Наконец коленки судорожно сжимаются, слышен шумный и страстный всхлип, на секунду заглушивший храп Жана-Ми, потом коленки расслабленно опускаются, а сверху опадает одеяло. Все.

Одиль поворачивается на бок и засыпает. Я свободен.

К Люсьену пришла Фабьена и выключила игру. Люсьен закапризничал — еще рано — и припомнил матери все обиды: хлюпанье и рыганье за столом, Альфонс, грузовик… Фабьена ничего не поняла и хотела померить ему температуру и давление. Он раскричался, она расплакалась, он вытолкал ее за дверь и заперся.

Вернусь, когда все успокоится.

Я хотел бы ночью побыть с Фабьеной, но ей нужно от всего отключиться, было бы бессовестно навязываться, когда она так устала. Впрочем, это зависит не от меня. Последнее, что я с удовольствием отмечаю: она натянула лыжный свитер и шапочку, открыла в спальне окно и оставила свет.

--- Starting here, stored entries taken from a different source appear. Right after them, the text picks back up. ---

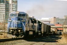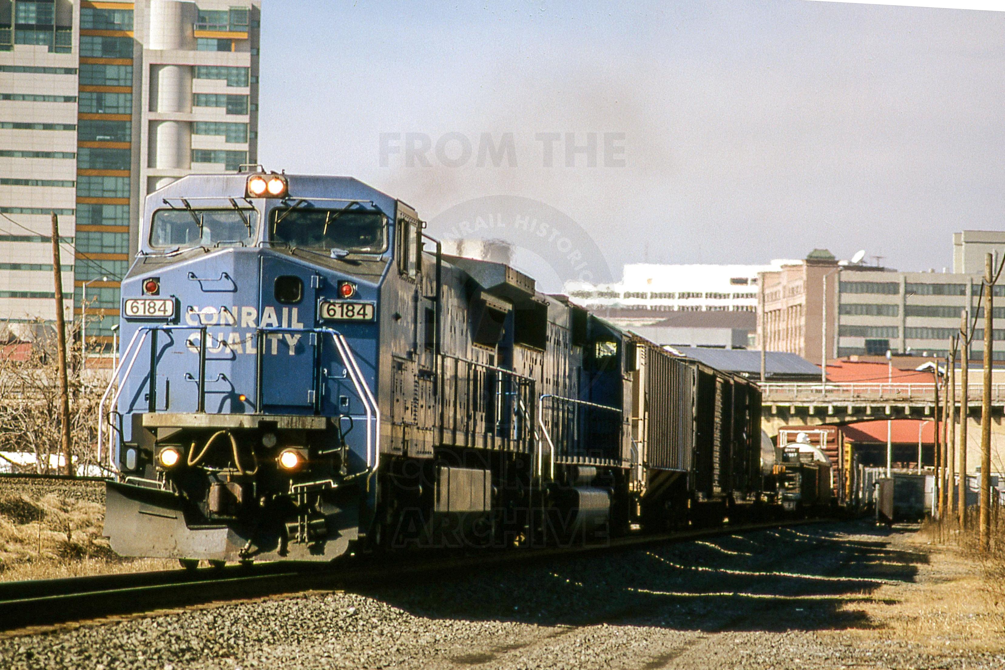 Previous Next Photo By Rich Bowes CR 6184 GE C40-8W HARRISBURG LINE HARRISBURG PA WITH TRAIN PIAL Year 1997 Original Date 3/1/97 Location Harrisburg PA Equipment Type GE C40-8W Conrail Number 6184 Additional Galleries Rich Bowes' Conrail Photographs Line or Locale Conrail In and Around Harrisburg Collection CRHS Conrail Photo Archive Contributions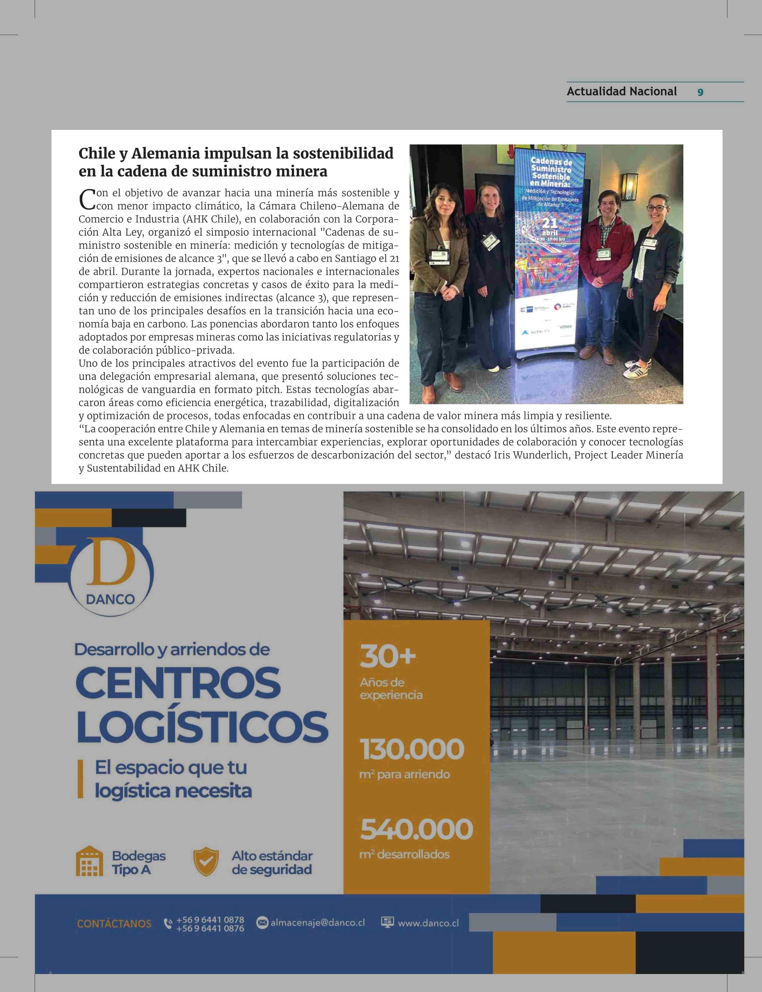 Chile y Alemania impulsan la sostenibilidad en la cadena de suministro minera 23-05-2025 Revista NG |
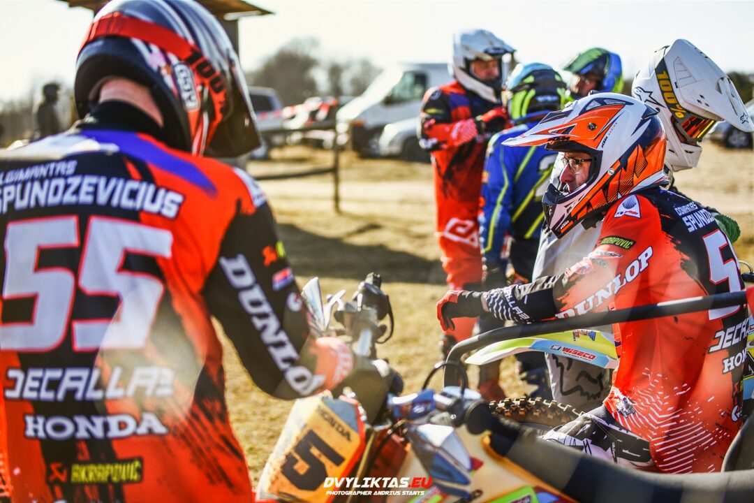 Domantas: – Pirmą kartą išvažiavus į trasa, plačią šypseną greit pakeitė lengvas išgąstis ir nuovargis. Pati pradžia labai sunki: neaišku ką daryti, kaip daryti, fiziškai greit privargsti ir galvoji tik apie tai, kaip neiškristi iš priekabos. Kiek buvau matęs važiuojančius iš šalies, niekada nemaniau, kad reikia tiek daug darbo. Pirmosios varžybos su motociklu įvyko praėjusių metų pavasarį, dalyvavome pirmajame Lietuvos čempionato etape Pakruojyje. Patyrėme labai daug streso ir baimės. Tas varžybas puikiai atsimename abu ir turbūt atsiminsime dar ilgai.

Дома удержаться было не за что, и меня понесло в ночные сны к чужим.

* * *

Во сне он так же точен, добросовестен и дотошен, как в работе. Когда я был маленьким, он раз сто рассказывал мне об этой встрече, ни на йоту не изменяя рассказа. Она сидела закинув ногу на ногу на скамье Ламартина под сенью цветущего каштана и что-то писала в лежащем на колене блокноте. Альфонс имел обыкновение пару раз в неделю наведываться туда, где начался его жизненный путь, увидел ее и сразу решил, что эта восхитительная светлокудрая дева была подарком небес. Как будто добрая фея своим счастливым произволением вдруг превратила сгорбленную старуху, которая обычно присаживалась на цементную скамью под мемориальной доской передохнуть по пути с поля домой, в юную принцессу.

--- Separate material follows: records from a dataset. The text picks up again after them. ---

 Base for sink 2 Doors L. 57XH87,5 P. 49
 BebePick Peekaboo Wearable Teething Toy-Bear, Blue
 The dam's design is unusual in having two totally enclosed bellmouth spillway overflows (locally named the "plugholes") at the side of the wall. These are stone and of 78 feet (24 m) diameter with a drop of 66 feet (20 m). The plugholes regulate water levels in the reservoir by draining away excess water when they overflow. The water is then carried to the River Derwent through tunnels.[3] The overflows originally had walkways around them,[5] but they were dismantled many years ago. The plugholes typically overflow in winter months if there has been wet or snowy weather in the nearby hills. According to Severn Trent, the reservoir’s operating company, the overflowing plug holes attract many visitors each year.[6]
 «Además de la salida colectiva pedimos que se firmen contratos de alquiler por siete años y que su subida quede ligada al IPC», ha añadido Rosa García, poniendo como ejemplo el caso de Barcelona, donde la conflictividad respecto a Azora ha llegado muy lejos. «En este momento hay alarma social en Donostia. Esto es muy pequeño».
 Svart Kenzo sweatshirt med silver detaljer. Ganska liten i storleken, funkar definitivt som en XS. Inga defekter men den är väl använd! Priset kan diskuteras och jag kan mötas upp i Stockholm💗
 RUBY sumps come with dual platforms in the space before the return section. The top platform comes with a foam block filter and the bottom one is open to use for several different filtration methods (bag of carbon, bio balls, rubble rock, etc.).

Альфонс растерянно стоял и щурился на солнце. Потом прикоснулся к плечу незнакомки кончиками пальцев, чтобы проверить, не мерещится ли ему. Девушка вздрогнула и резко обернулась. Он радушно поздоровался и дал историческую справку:

— Тот, кого вы видите перед собой, родился здесь, на этом самом месте. Как раз где вы сидите. Точнее говоря, здесь меня нашли. Тома Петрель и вдова Бофор — один копал тут неподалеку картошку, другая шла за грибами. Взяли и отнесли в Трессерв, к тамошнему кюре, тогда это был аббат Дома. Что ж еще делать с подкидышем, тем более дождь собирался.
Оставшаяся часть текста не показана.